The Continual Learning Problem - Jessy Lin
Date read: 28th October 2025
Blog link
Key Points
- Issue: how do we continually learn without destroying everything we learned in pre-training?
-
It should be a key capability of AI systems that they can constantly get smarter and learn new things.
- Key challenges:
- Generalisation:
- How can we learn lessons from new data that generalises to more new data?
- We must convert facts to knowledge. E.g. we don’t want to predict the next work from a new sentence… we want to extract its meaning.
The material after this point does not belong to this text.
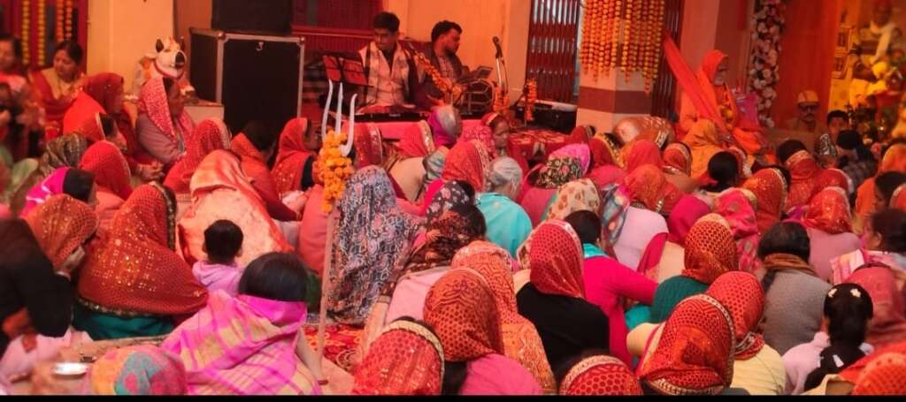 कथा से पूर्व संगीत गायकों आचार्य उमा शंकर कपिल,नीरज सती, आचार्य पंकज जोशी के द्वारा देवी भजन,गोल्ज्यू के सुन्दर भजन, तथा अनेक भजनों का गायन किया गया, जिसमें उपस्थित मातृशक्ति द्वारा भी उन भजनों को कर तल ध्वनि के साथ दोहराया गया।

Paraphrasing can help this.
- Models should learn to self-supervise better using new data.
- Forgetting / Integration:
- We want to update old knowledge as well as add new facts
- Models must know what to get rid of as well as be able to add new info.
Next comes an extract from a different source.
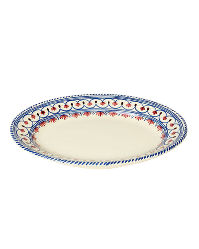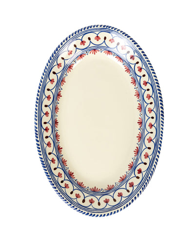 A playful yet elegant scallop and floral design, hand-painted by talented artisans in Spain. The Honor serving platter is one to display out on the table, even without food!  A truly unique piece in a rich colour palette of pink, blue and chestnut brown, style it with our pink Vine tablecloth and large Heather bowl. Dishwasher and microwave safe.

- We want to find and only change the weights responsible for making a decision.
-
Perfect continual learning problem: targeted weights updates, high capacity for new knowledge and adaptive integration.
- Current methods:
- Non-parametric:
- In-Context Learning: limited length
- RAG: retrieval is difficult
- Parametric:
- Full fine-tuning: many stages, comp heavy
- LoRA: low capacity
- MoEs add new experts: doesn’t update old info
- Memory Layers:
- Layers are part of normal network
- Millions of mini experts: retrieved by query-key lookup
- Only small subset is activated.
- Allows you to finetune small subset of active weights… only the ones that contain the knowledge required
- Model has to learn to organise knowledge.